California - A State of Lunatics
Billions spent on a bullet train to nowhere while
water is dumped out to sea during a drought.
(KQED) - There’s a rule in California that may seem bizarre in a drought-stricken state: in the winter, reservoirs aren’t allowed to fill up completely.
In fact, even as this post goes up, a handful of reservoirs are releasing water to maintain empty space.
The practice, which has long inflamed combatants in California’s water wars, is due to a decades-old rule designed to protect public safety. If a major winter storm comes in, reservoirs need space to catch the runoff and prevent floods.
But with advances in weather forecasting, some say this preemptive strategy is outdated.

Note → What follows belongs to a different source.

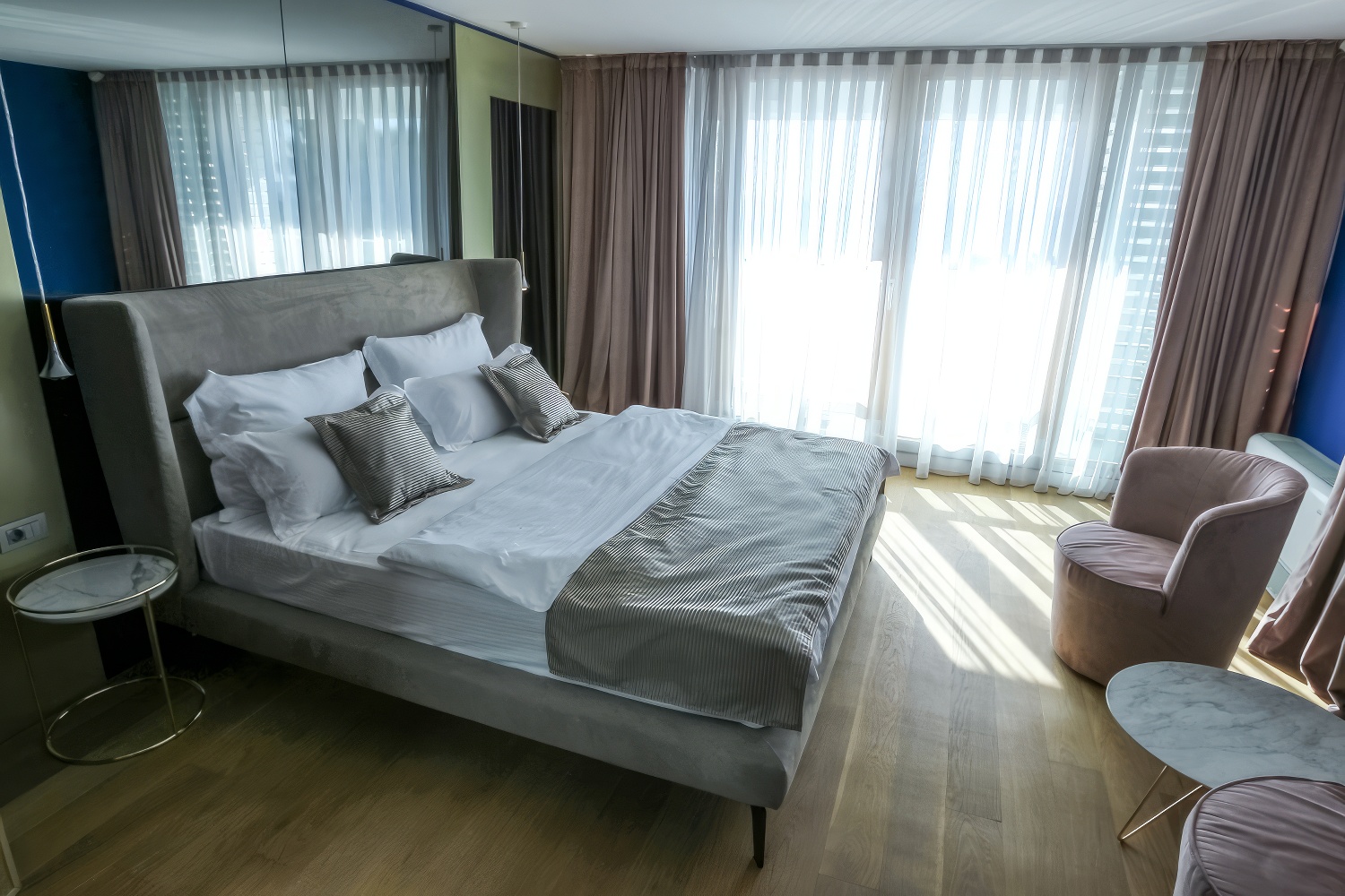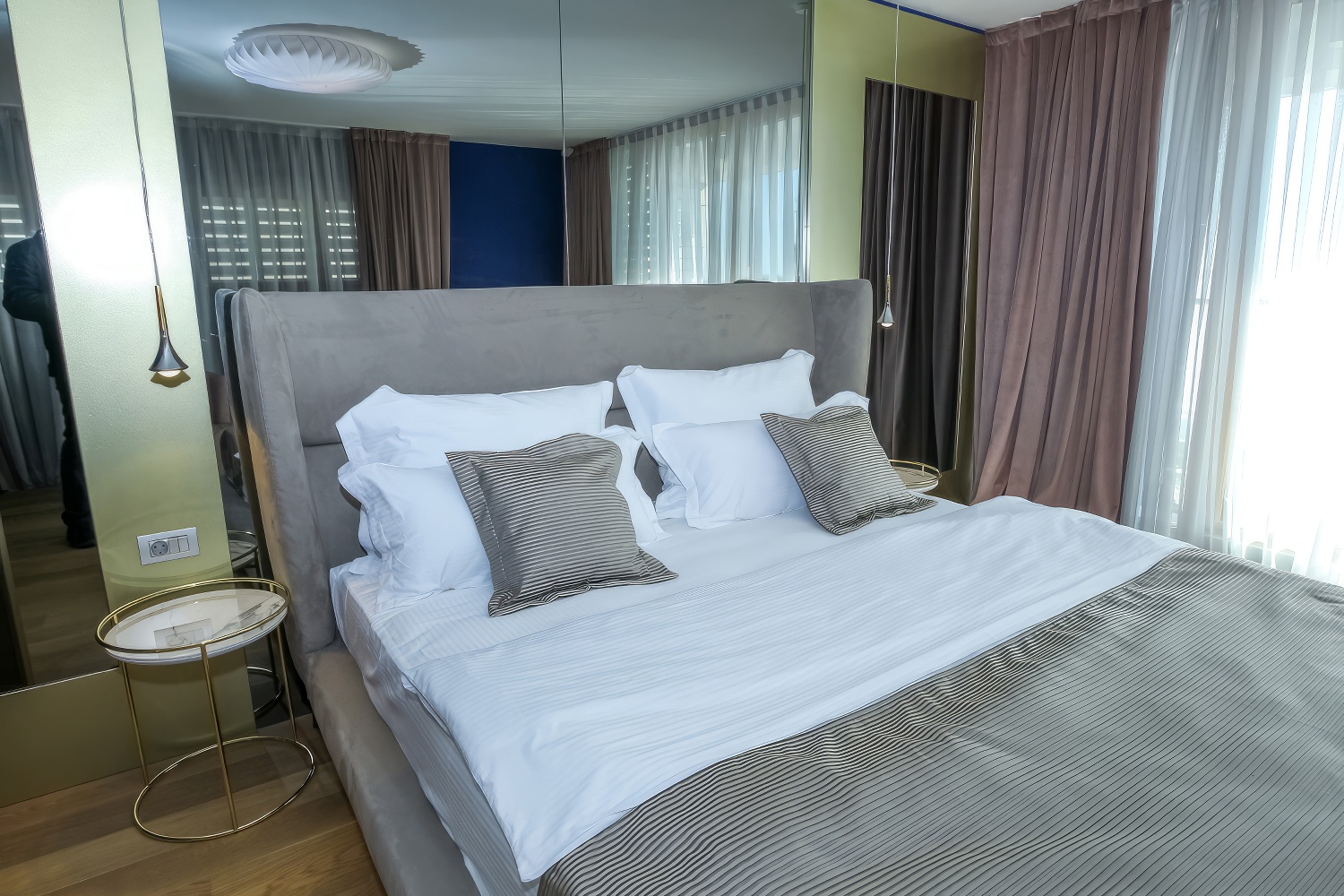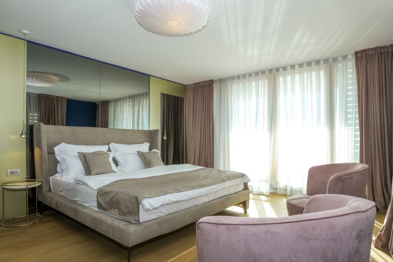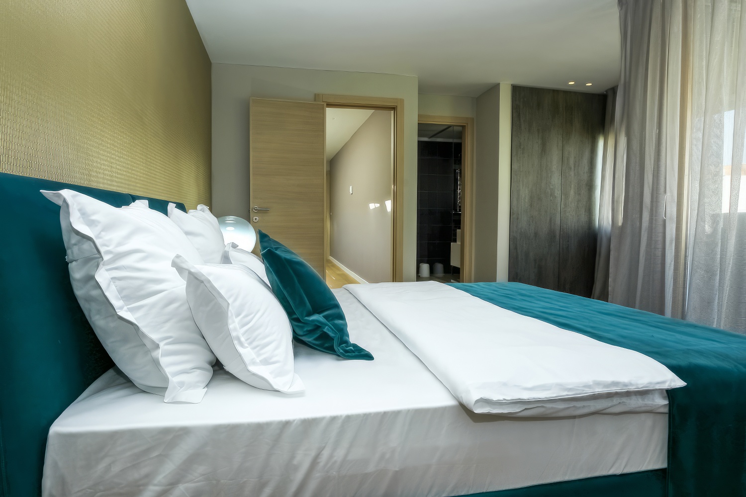 Im Obergeschoss erwarten dich zwei komfortable Schlafzimmer mit Doppelbetten, jeweils mit eigenem Bad und Loggia.

A new, “smart” flood control system could save water in years when Californians need it most.
At one of the state’s major reservoirs — Folsom Lake, east of Sacramento — the volume of water spilling from the dam has swollen eight-fold in the past few weeks, sending billions of gallons downstream, much of it into San Francisco Bay.
|Dumping water out to sea during a drought|
Early in February the reservoir reached a key threshold: 60 percent full, which is the highest water level allowed during the winter months, according to rules from the U.S. Army Corps of Engineers and the Sacramento Area Flood Control Agency.
Last year, most of the reservoir was a dry, dusty lakebed.
“What reservoir was left was confined to the old river channels before we built the dam,” says Drew Lessard of the U.S. Bureau of Reclamation, the federal agency that manages the reservoir.
Just an average-size winter storm can send huge volumes of water down the American River into Folsom Reservoir, boosting the lake by 10 percent or more. A major storm can produce dramatically more than that.
Sitting 40 percent empty allows the reservoir to act as a buffer against floods, gulping the runoff without overflowing. In years where the upstream reservoirs are fuller, Folsom Reservoir is required to remain 60 percent empty.